◆ REQUIREMENT
Once the images are set aside, output the listing exactly as it stands.

◆ DATASET SECTION
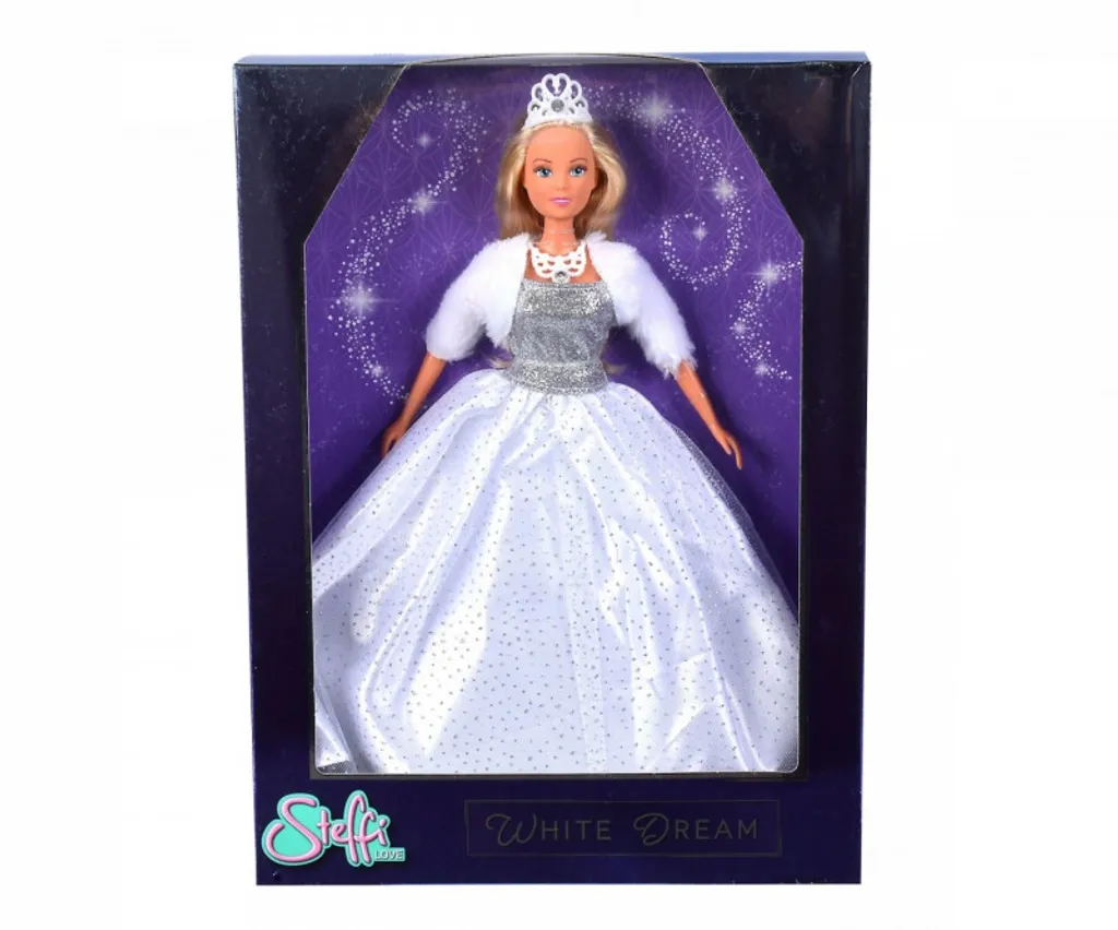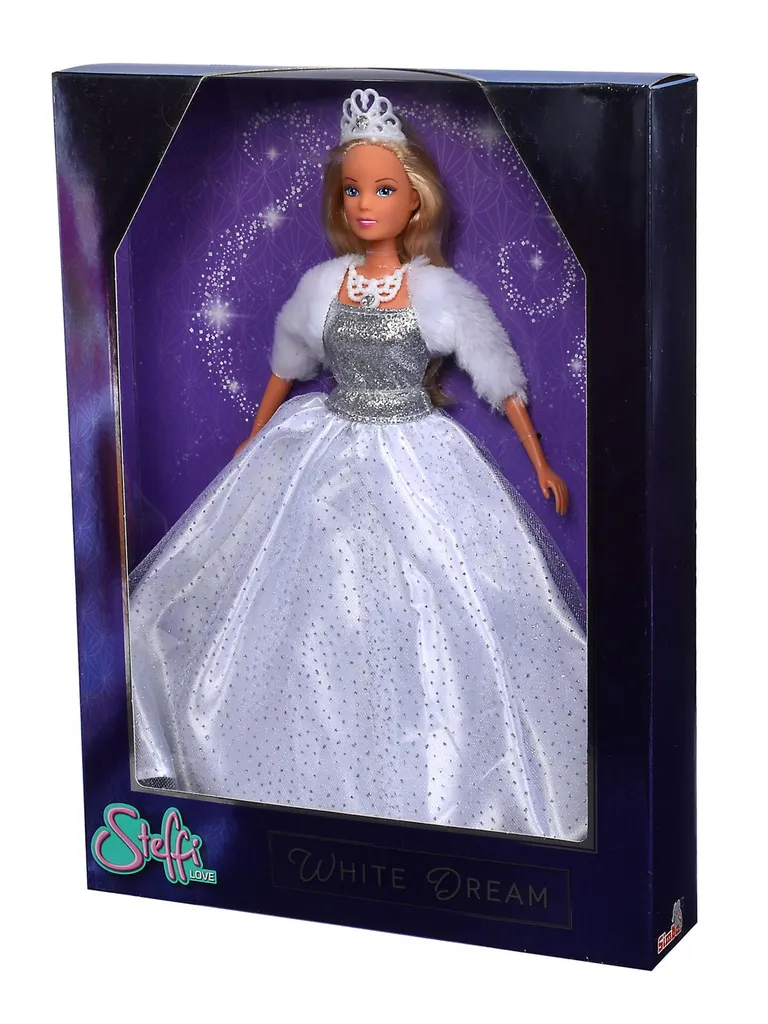 - Steffi Love Puppe in einem traumhaften weißen Glitzerkleid mit Glitzerstein
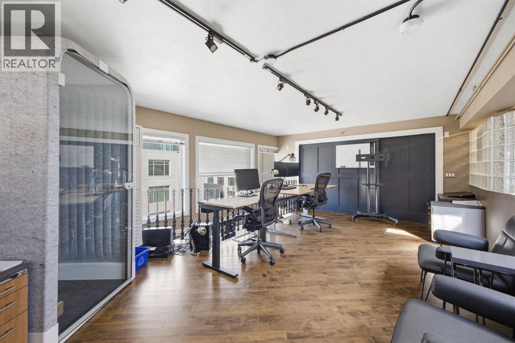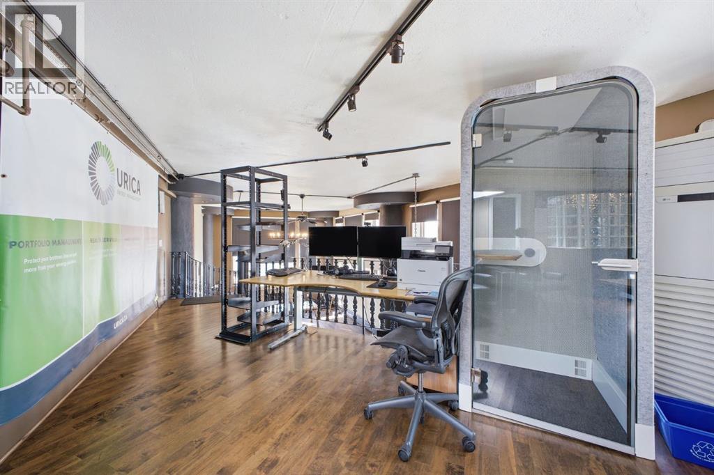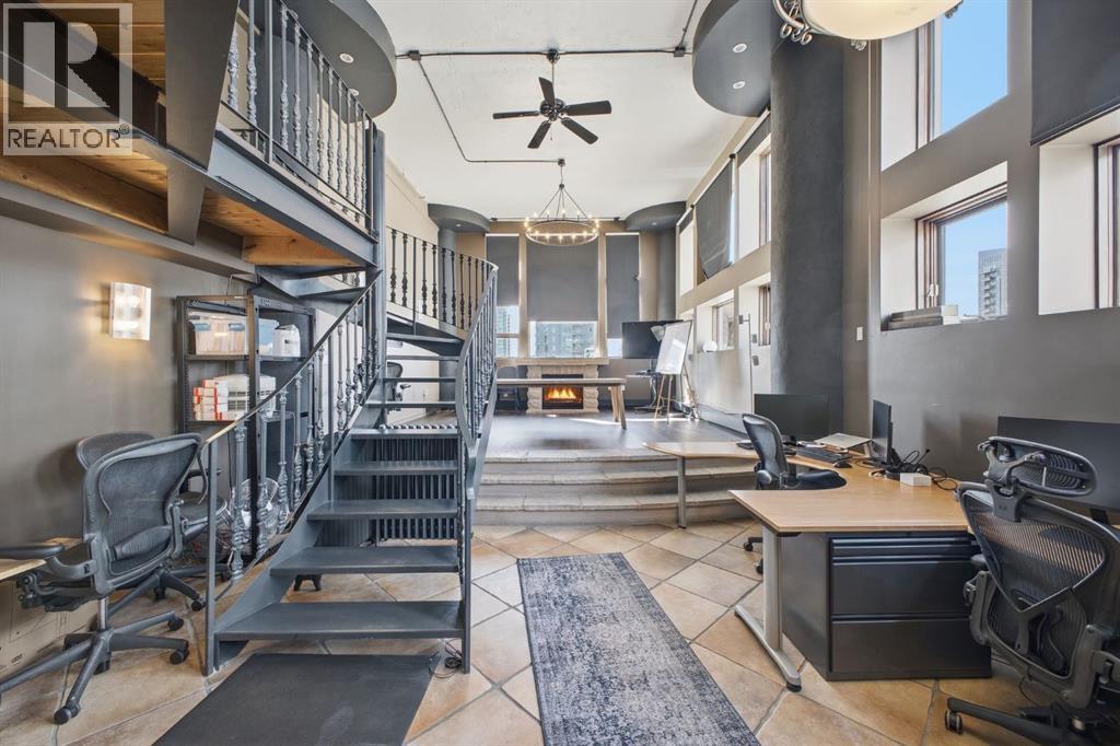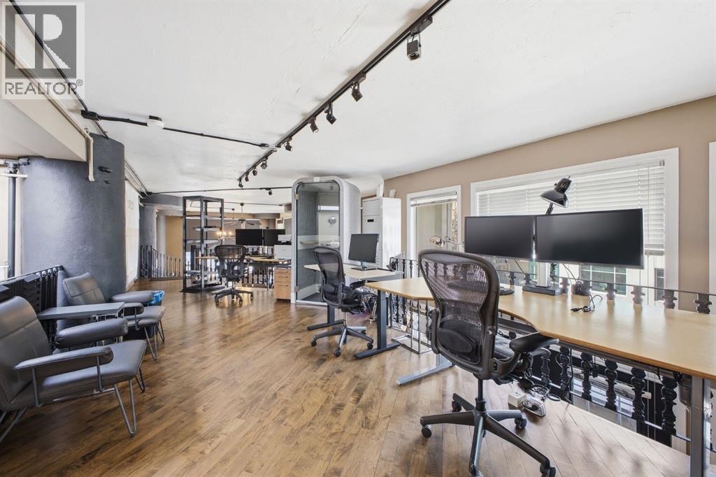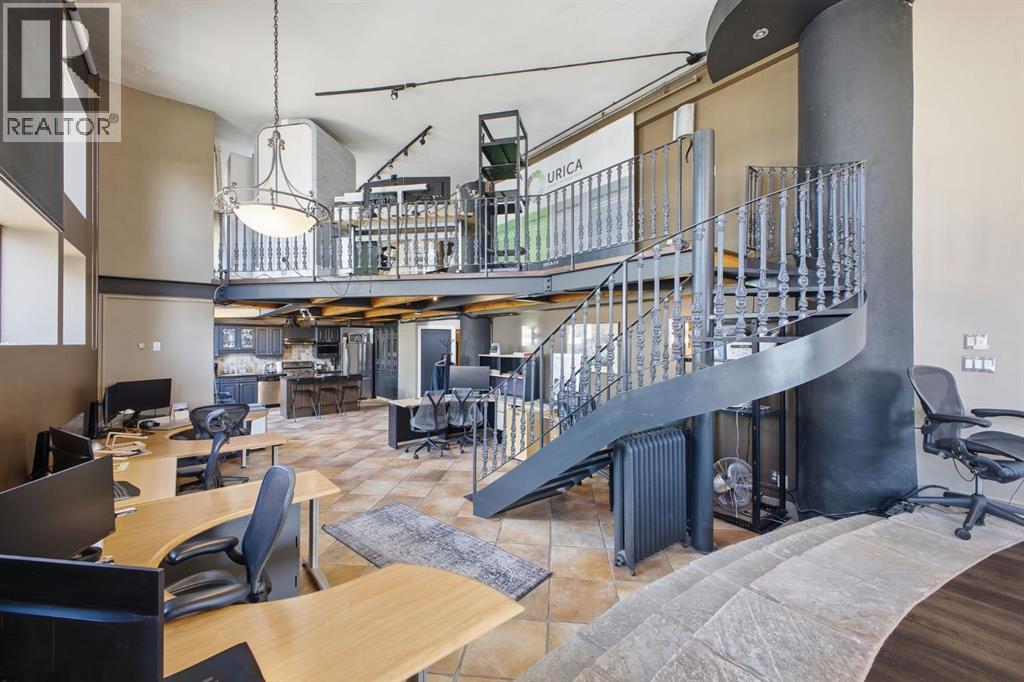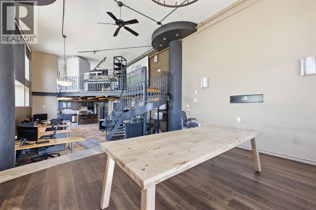 Have you ever imagined living or working in Manhattan? This loft delivers that same urban energy—right in the heart of Calgary. With zoning that allows both residential and commercial use, you can call it home, office, or a dynamic combination of the two. Currently utilized as office space, this impressive two storey unit offers soaring 20’ ceilings & nearly 1,600 sq ft of living space that can be re imagined into a stunning loft residence. The lower level features refinished hardwood flooring, and a dramatic chandelier. This space flows into an expansive open area ideal for a generous living/dining configuration. The kitchen is well appointed with granite countertops, an island with eating bar, stainless steel appliances, ample cabinetry, and a built in hutch for additional storage. A 3 piece bath and abundant storage complete the main level. A sweeping curved staircase leads to the upper floor, where you’ll find a spacious open loft with room for a large bedroom and office setup, along with a 4 piece bath. Units 301 and 303 are being sold separately; however, if purchased together, they can be seamlessly connected to create a truly spectacular space. If only one unit is purchased, the access point between them will be professionally sealed. Additional highlights include in suite laundry, a west facing balcony, one assigned parking stall and a large assigned storage locker. Set amid Calgary’s best restaurants, cafés, and entertainment—and just a short walk to the downtown core—this location offers the ultimate in urban convenience and vibrancy. (id:63190)
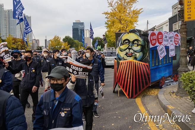 [오마이포토] "산재 그만"... 대통령실 행진길 등장한 '윤석열차'

◆ RESPONSE TO THIS EXERCISE
 - Steffi Love Puppe in einem traumhaften weißen Glitzerkleid mit Glitzerstein
 Have you ever imagined living or working in Manhattan? This loft delivers that same urban energy—right in the heart of Calgary. With zoning that allows both residential and commercial use, you can call it home, office, or a dynamic combination of the two. Currently utilized as office space, this impressive two storey unit offers soaring 20’ ceilings & nearly 1,600 sq ft of living space that can be re imagined into a stunning loft residence. The lower level features refinished hardwood flooring, and a dramatic chandelier. This space flows into an expansive open area ideal for a generous living/dining configuration. The kitchen is well appointed with granite countertops, an island with eating bar, stainless steel appliances, ample cabinetry, and a built in hutch for additional storage. A 3 piece bath and abundant storage complete the main level. A sweeping curved staircase leads to the upper floor, where you’ll find a spacious open loft with room for a large bedroom and office setup, along with a 4 piece bath. Units 301 and 303 are being sold separately; however, if purchased together, they can be seamlessly connected to create a truly spectacular space. If only one unit is purchased, the access point between them will be professionally sealed. Additional highlights include in suite laundry, a west facing balcony, one assigned parking stall and a large assigned storage locker. Set amid Calgary’s best restaurants, cafés, and entertainment—and just a short walk to the downtown core—this location offers the ultimate in urban convenience and vibrancy. (id:63190)
 [오마이포토] "산재 그만"... 대통령실 행진길 등장한 '윤석열차'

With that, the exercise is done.